In the late 1980s, after the failure of his long and costly war against Iran, which had lasted for most of that decade, Iraq’s President Saddam Hussein started to cast around for a new target for his warmongering aspirations. His sights alighted on another neighbor, the small but oil-rich Gulf state of Kuwait. On August 2 1990, under the pretext of a border dispute over oil exports and distribution arrangements, Saddam launched a large-scale invasion of Kuwait with more than 100,000 troops backed up by 700 tanks. Kuwait was quickly overrun and in no time. Saddam was declaring its annexation by Iraq. With customary bellicose rhetoric he threatened to turn the capital, Kuwait City, into a ‘graveyard’ if any other country dared to challenge the ‘take-over by force’.
The response of the United Nations was immediate and decisive. Meeting in emergency session, the Security Council called on Iraq to withdraw its forces from Kuwait and imposed sanctions until it had done so. Saddam, however, gave no indication that he would bow to UN demands. Over the following months a US-led Coalition force involving troops from 30 countries was assembled. It was widely assumed that Saddam would back down in the face of intense international pressure, but when he failed to respond to a UN ultimatum for withdrawal, the Coalition forces launched Operation Desert Storm on January 17 1991, a major offensive to expel Iraq and liberate Kuwait. For more than a month a sustained and devastating aerial bombardment of key military targets, including the Iraqi capital Baghdad, brought the country to its knees. When the ground forces finally moved in at the end of February the conflict was effectively over; within days the Iraqi army had fled, Kuwait was free, and a ceasefire had been declared.

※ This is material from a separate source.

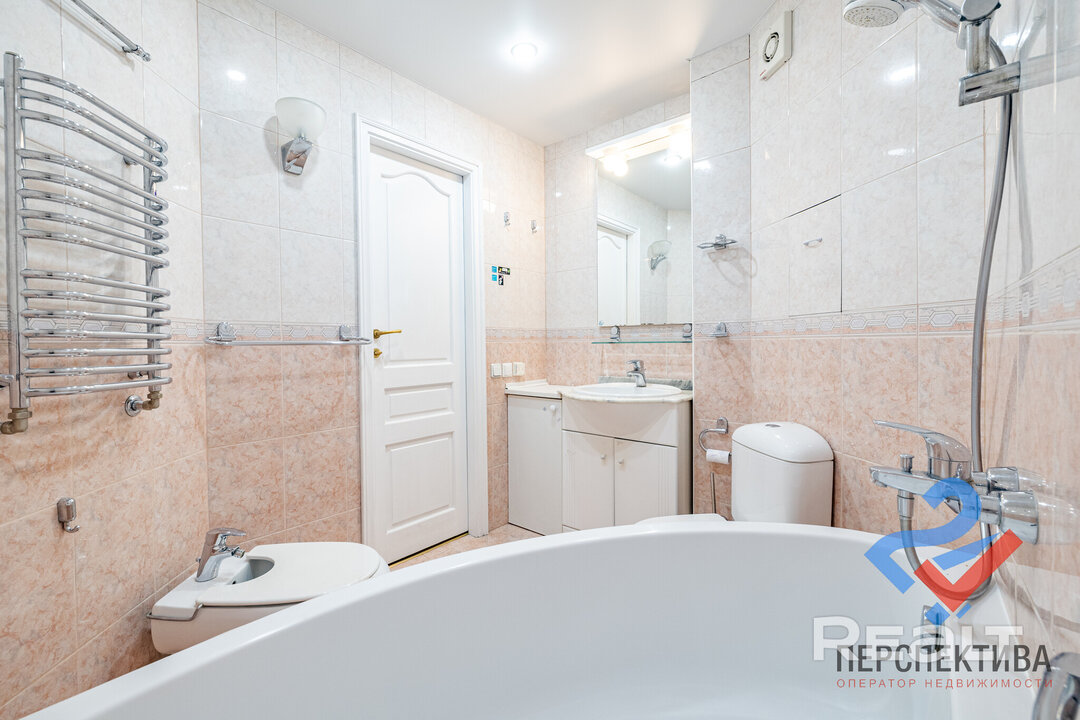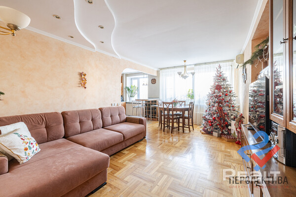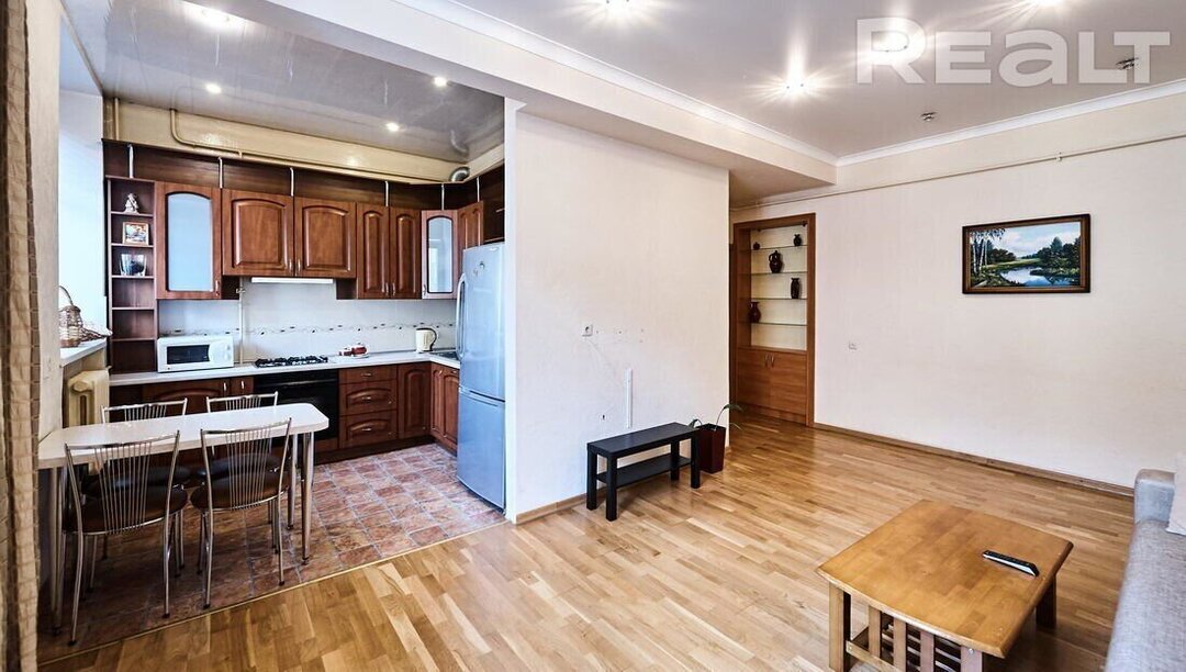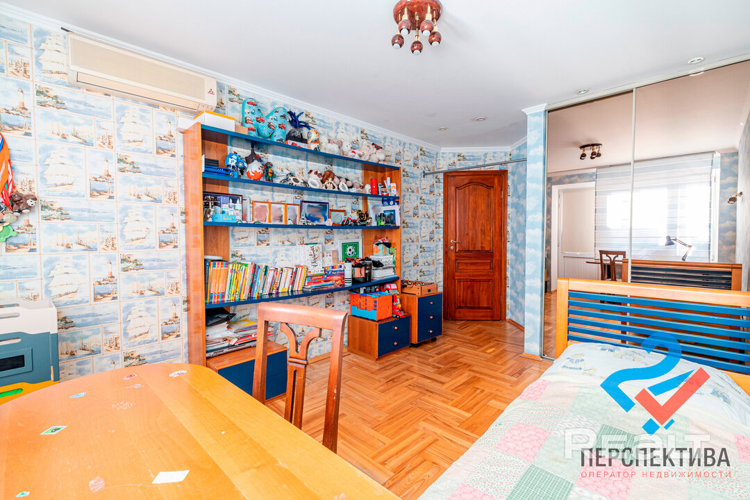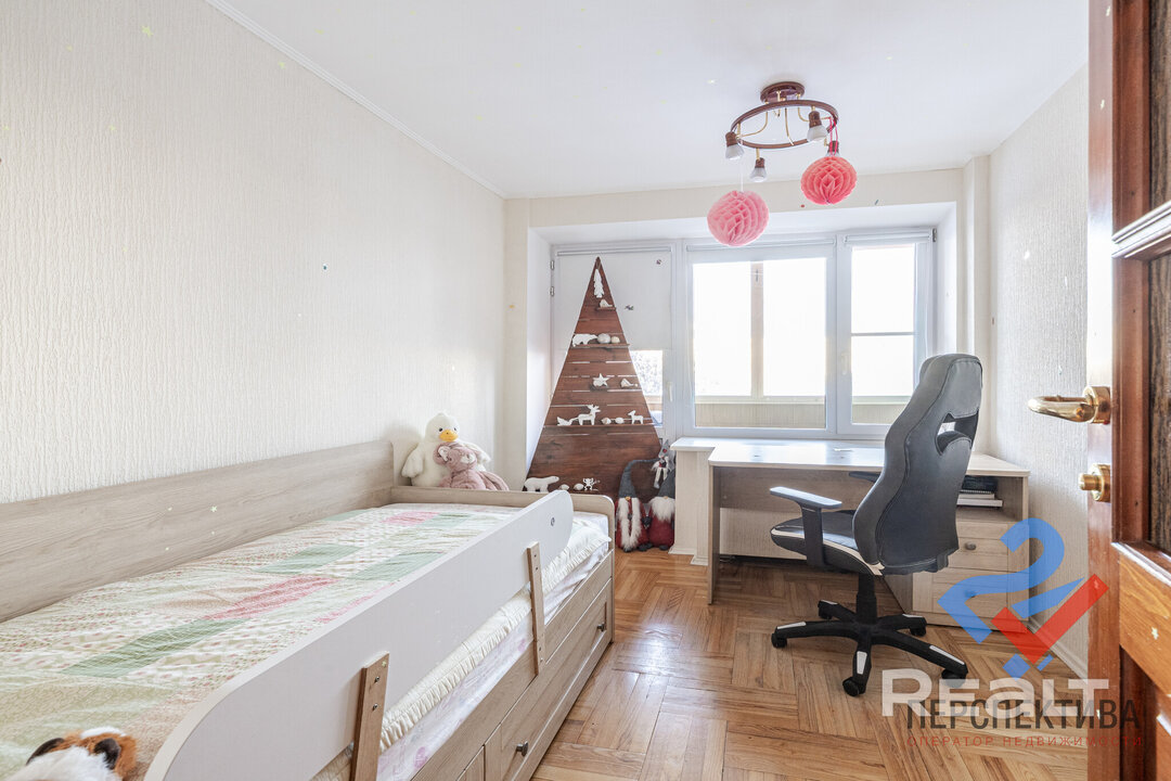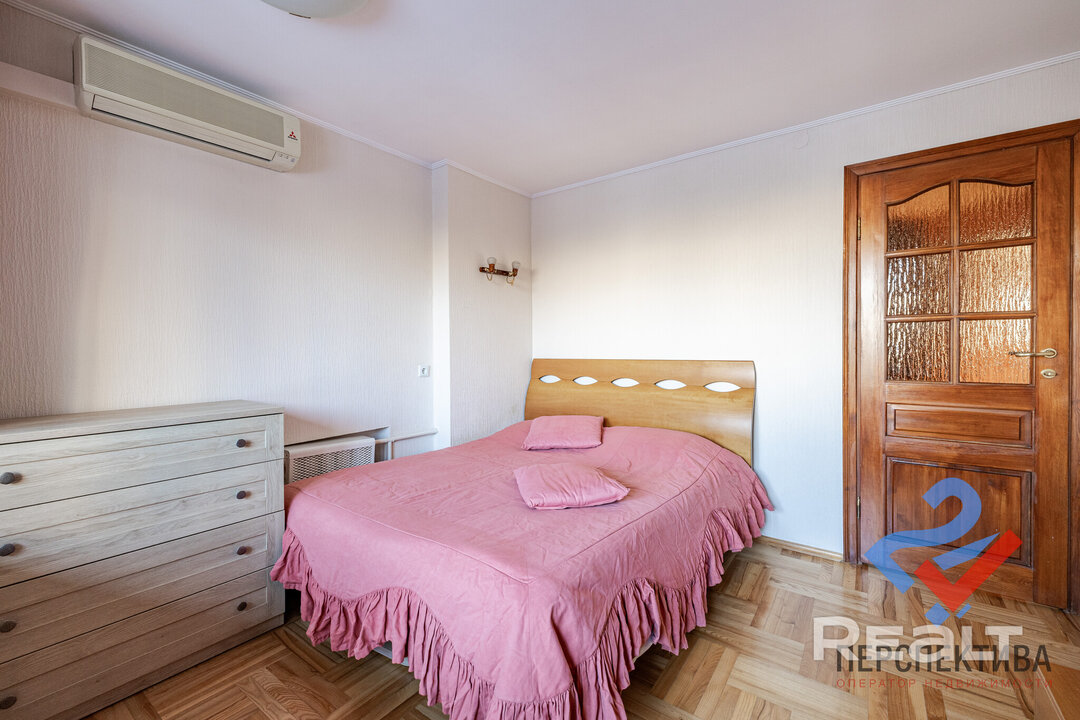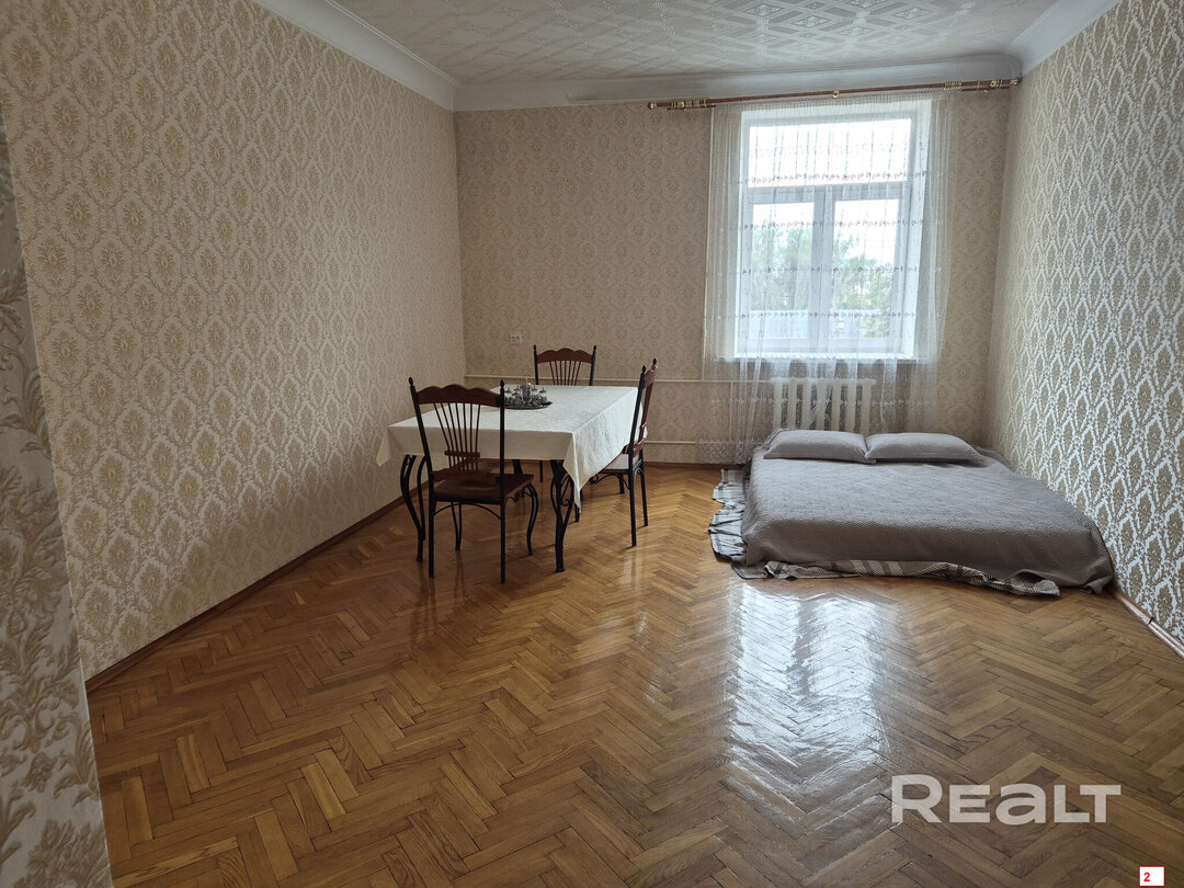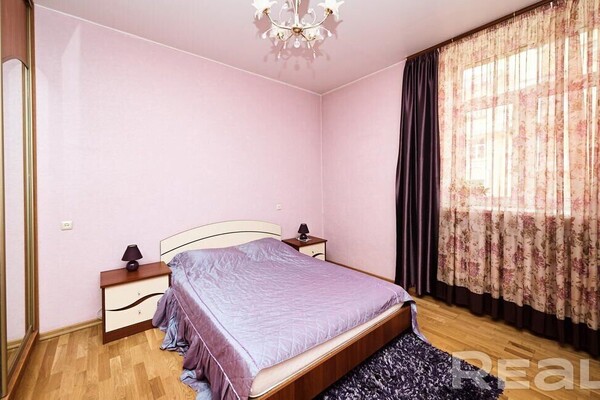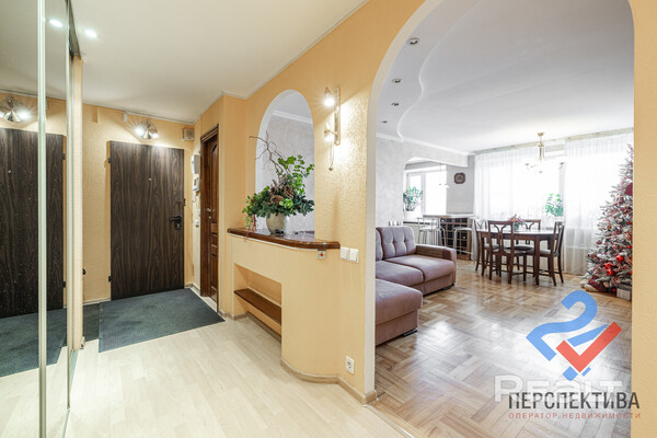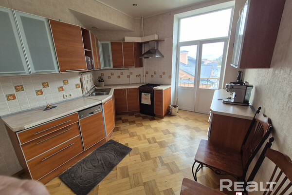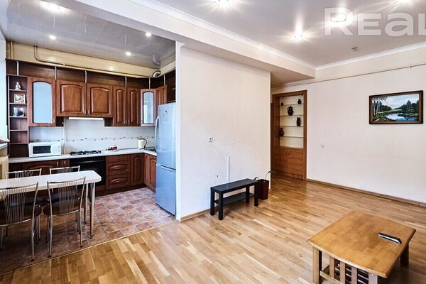 Самая дорогая квартира выставляется по адресу Максима Танка, 10. Это пятикомнатная квартира площадью 104,9 м² находится на третьем этаже. Кухня и гостиная тут объединены. Остальные комнаты — три детские и одна хозяйская спальня. В жилых комнатах на полу лежит паркет, а санузлы облицованы плиткой.

When: August 2 1990 to February 28 1991
Where: Kuwait and Iraq
Death toll: Iraqi casualties are unknown, but estimates of military deaths range as high as 100,000. Some 3,500 civilians are thought to have died in the bombing raids, tens of thousands more from diseases and other effects of war. Coalition troops lost 381 lives, including a number from so-called ‘friendly fire’ incidents.
You should know: What has become known as the First Gulf War must rate as one of the most unequal engagements in the history of warfare. The Coalition forces’ equipment, resources and firepower were vastly superior to that of their Iraqi opponents.